For a long time, I thought “regaining control” meant taking action — making bold moves, drawing lines in the sand, walking away with my head high. And in some ways, it is that. But what I’ve come to learn recently is that control isn’t about being loud. It isn’t about winning. And it definitely isn’t about being right.
Real control — the kind that settles you rather than just distracts you — is quieter. It’s internal. It’s the kind of thing you start to feel after you’ve stopped performing for someone who doesn’t care to watch.
When my relationship started to unravel, I lost more than a partner — I lost my place in the story. Everything felt reactive. I was stuck waiting: waiting for answers, for change, for fairness, for emotional reciprocity that never came. I asked for six months of effort. I was told to wait a year, with no commitment in return. I opened up, laid my heart on the table, and got laughed at. It was humiliating.
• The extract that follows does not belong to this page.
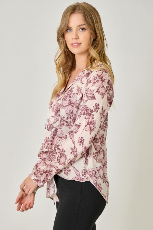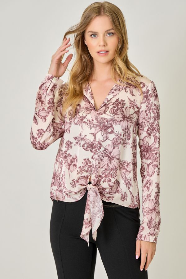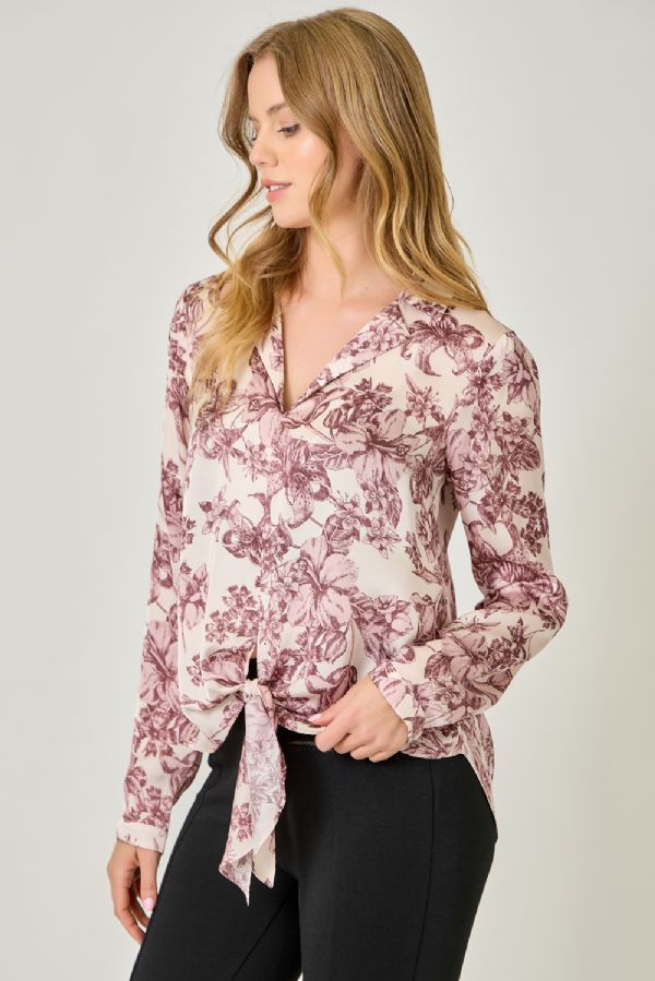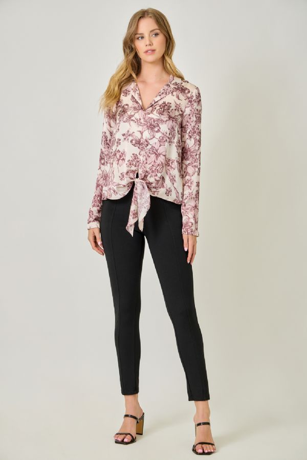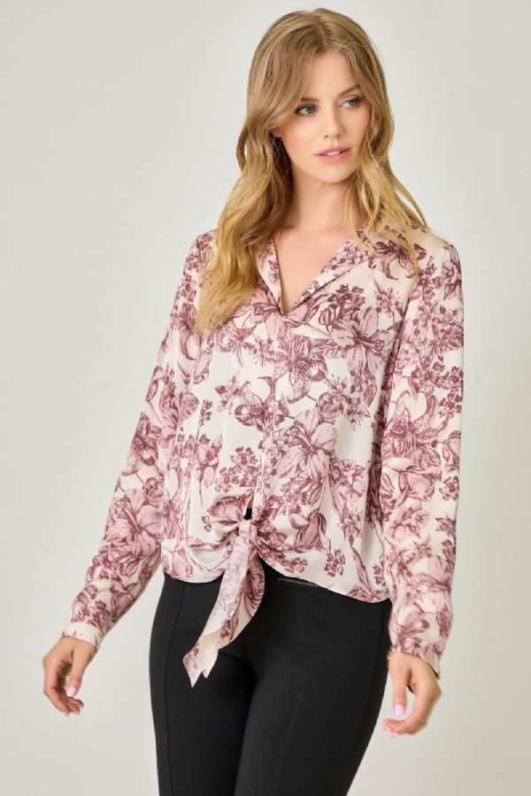 Effortlessly polished with a hint of play, this satin blouse is a true wardrobe gem. Featuring a collared V-neckline, tie-front detail, and long sleeves, it drapes beautifully in a loose, easy fit. The hi-lo hem adds just the right amount of flow, making it perfect for pairing with sleek trousers, denim, or a skirt. From office hours to after-hours, this blouse shines wherever you take it.
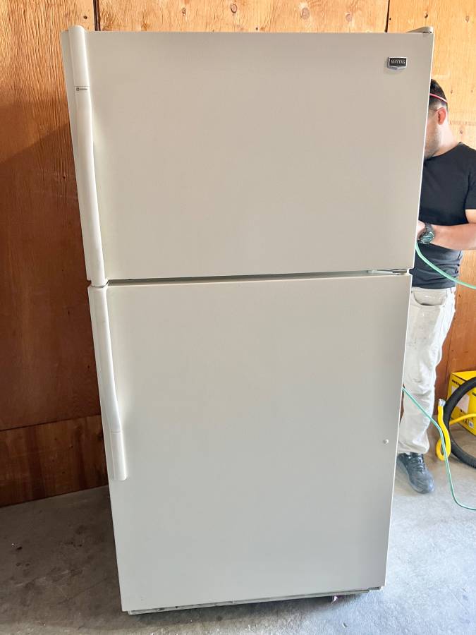 33 Inch Maytag Top Freezer Refrigerator , M1TXEMMWQ , ICE MAKER , Used Condition , OFF WHITE ,

But even more than that — it was disempowering. I was handing over my emotional wellbeing to someone who didn’t want to hold it.
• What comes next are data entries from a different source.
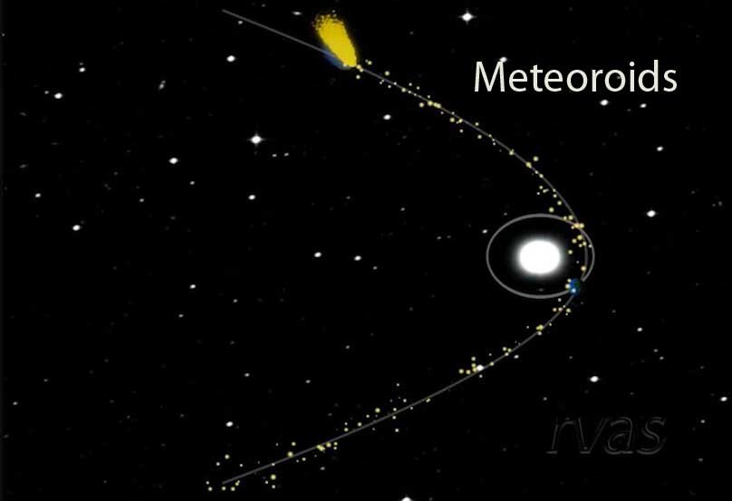 3.4 The Meteoroids: We saw that the solar radiation pressure depends on the size and nature of the grains. It is maximum for grains in the range of 0.2 to 0.4 microns and negligible for grains larger than 100 microns. These large grains continue to move in the comet’s path due to inertia. Thus, even after the comet has left the inner solar system, the associated meteoroids populate its path.
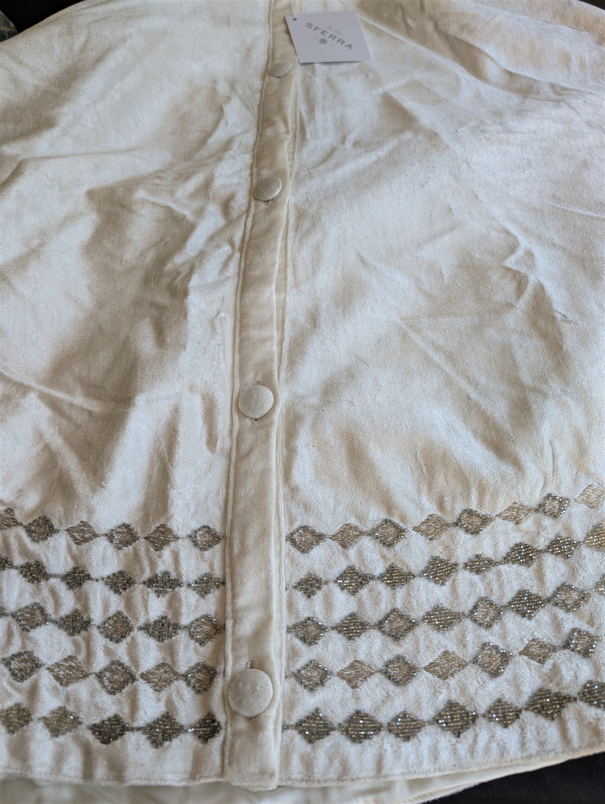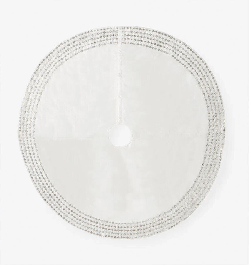 Sferra Lucido Ivory Velvet Christmas Tree Skirt Silver Diamond Embroidery 60 NEW
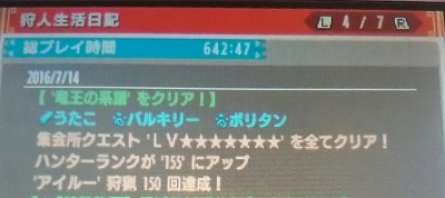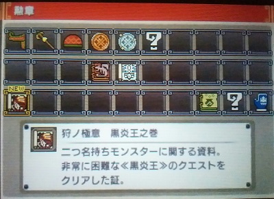 黒炎王やりました&集会所★7が終わりました【MHX】 モンハン 2016年07月16日 こんにちは。 最近、黒炎王リオレウスとちょっとずつ戦っていました。 ずっと前に黒炎王装備は作っていたのですが、全然強化できていなくてそろそろちゃんとしようと思いまして。 ちょうど家族も黒炎王装備を作ると言っていたので一緒に狩りまくりました。 先日ついに大剣と防具一式をすべて最終強化いたしました! 勲章「狩ノ極意 黒炎王之巻」もGET~! 二つ名終わるたびにくれるのかな? 黒炎王と何回も戦ったお陰で少しだけ閃光玉を投げるのがうまくなった気がします。 それから、先日のイベクエ『猫ハーレム』部屋でも『円舞獰乱』をクリアできたし今なら集会所★7『竜王の系譜』ができるかも、と思って挑戦してみました。 これだけがまだ残っていたのです。 やったー! 今まで何回やっても時間切れだったのに、14分も残ってます。 自分的コツは、キラキラ(落し物)を拾わないw先に倒した方の剥ぎ取りも諦める、閃光玉の材料も持って行く、見失ったらさっさと千里眼の薬を使う。 そういえば、これをやった時に気付いたけど、2016/7/12のイベクエ『猫ハーレム』部屋の記事内容で勘違いしているところがあったので修正しました。 やっと、集会所★7にクリアマークが付きました~(^^) 勲章「黄金のメダル」GET 勲章「天地狩猟ノ覇紋」GET あとは、黒炎王リオレウス以外の二つ名とイベントクエストですな! それと闘技大会も! そうそう、ギルドカードも変えておきましたよ 他のモンハン記事はコチラ→モンハン
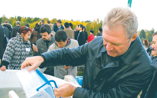 Когда модели с вениками ускакали, появились кузнецы. Сковав себе по подкове, гости пошли по традиции добывать золото. Там их встретили люди в телогрейках и шапках-ушанках. Типичные «зэки». Тюремную робу гостям БЭФа примерить почему-то не дали. А дали перчатки волшебные. «Така магнитна резинова перчатка, золото притягиват», – зацокал языком казак. Золото добывалось «цивилизованно» – сразу в красных бархатных коробочках. Виктор Басаргин, надев «золотомоечные доспехи», так увлёкся, что казаки ему три раза кричали: «А ну сымай робу!», а он всё возился в песке. «Сейчас как намоет, так все программы сразу профинансирует», – хихикали гости. «Да кончилась уже руда. Пойдёмте дорогу чёрну икру добывать», – стонал кто-то с шашкой, то ли казачий голова, то ли казачий хвост. А гости всё мыли и мыли, пока казак не затрубил в трубу. Ведь на берегу гостей уже ждали четырёхмесячные осетры в ванне. Их зачерпывали в ведёрки и бежали выпускать к желобу, по трое – сам гость и два охранника. «Обрыбили Ангару, вот и славно», – потёр руки один из гостей, отпустив приплод в реку.
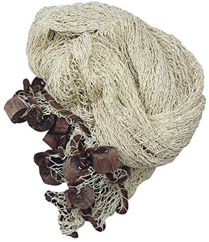 - 3. Red de pesca grande con flotadores de algodón, natural. Dimensiones aprox. 3,4x 3,4m.
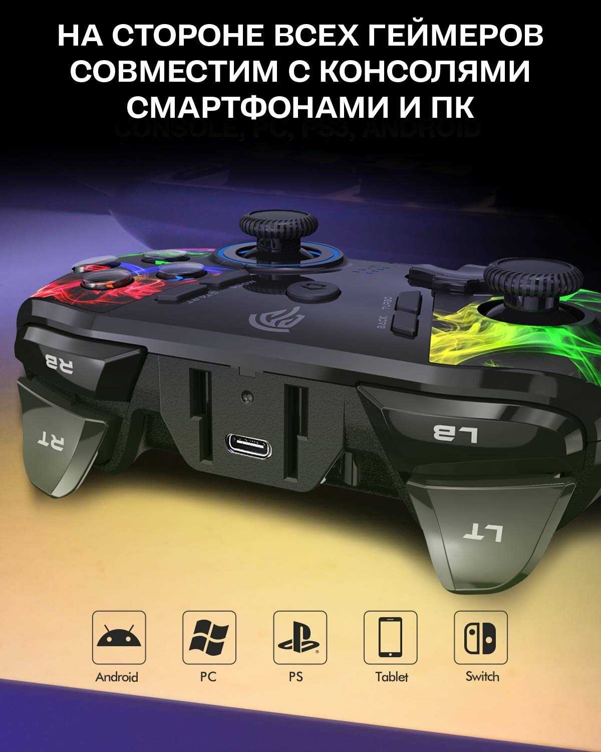Функциональность и дополнительные опции: Наличие программируемых кнопок на тыльной стороне геймпада расценивается как серьезное функциональное преимущество, особенно в файтингах и шутерах, где они позволяют выносить сложные комбинации и уменьшают количество необходимых телодвижений. Многоуровневая регулируемая подсветка не только выполняет декоративную функцию, но и оказывается практичной при использовании в условиях слабого освещения. Важной особенностью является кроссплатформенность: устройство стабильно работает с ПК, Smart-TV и мобильными устройствами при проводном подключении, что расширяет его сферу применения. Однако некоторые пользователи отмечают, что кнопки Turbo и Back расположены не совсем удобно, так как при быстром доступе к ним палец может задевать основание левого стика, что требует периода привыкания для избежания случайных нажатий.

That’s when I realised something had to shift.
So I started taking small steps to assert myself — not to hurt anyone, not out of revenge — but simply to remind myself that I still have a say in how this plays out. I told her I needed distance. I said I wouldn’t be sticking around in the background as some emotionally neutral figurehead. I removed myself from roles I wasn’t emotionally safe to continue in.
And then something strange happened. The anxiety didn’t vanish, but it changed shape. It came in waves, still strong, still sharp — but there were moments of clarity in between. Moments of stillness. Moments where I thought, Maybe I’m going to be okay.
That’s the thing no one tells you about regaining control: it’s not empowering in a cinematic, triumphant way. It’s humbling. Because what you’re really doing is letting go of the need to be understood by the person who broke you. You stop trying to explain. You stop trying to make them see. You stop playing the role they’ve cast you in.
You just… let it be. And choose something better for yourself.
Blogging has helped. Not because I’m looking for likes or validation — honestly, I haven’t had many comments at all — but because it’s an outlet. A place to speak freely when the person I most wanted to listen decided they were done listening. And when you’ve spent so long trying to compress your emotions into something digestible for someone else, just being expressive is healing.
So here I am, writing it all out. Not because I have all the answers. Not because I’ve “moved on.” But because I’m learning that reclaiming your sense of self isn’t a destination — it’s a slow, quiet return.
And control?
It looks a lot less like gripping the wheel tightly, and a lot more like simply saying:
“I’m not going where you’re driving anymore.”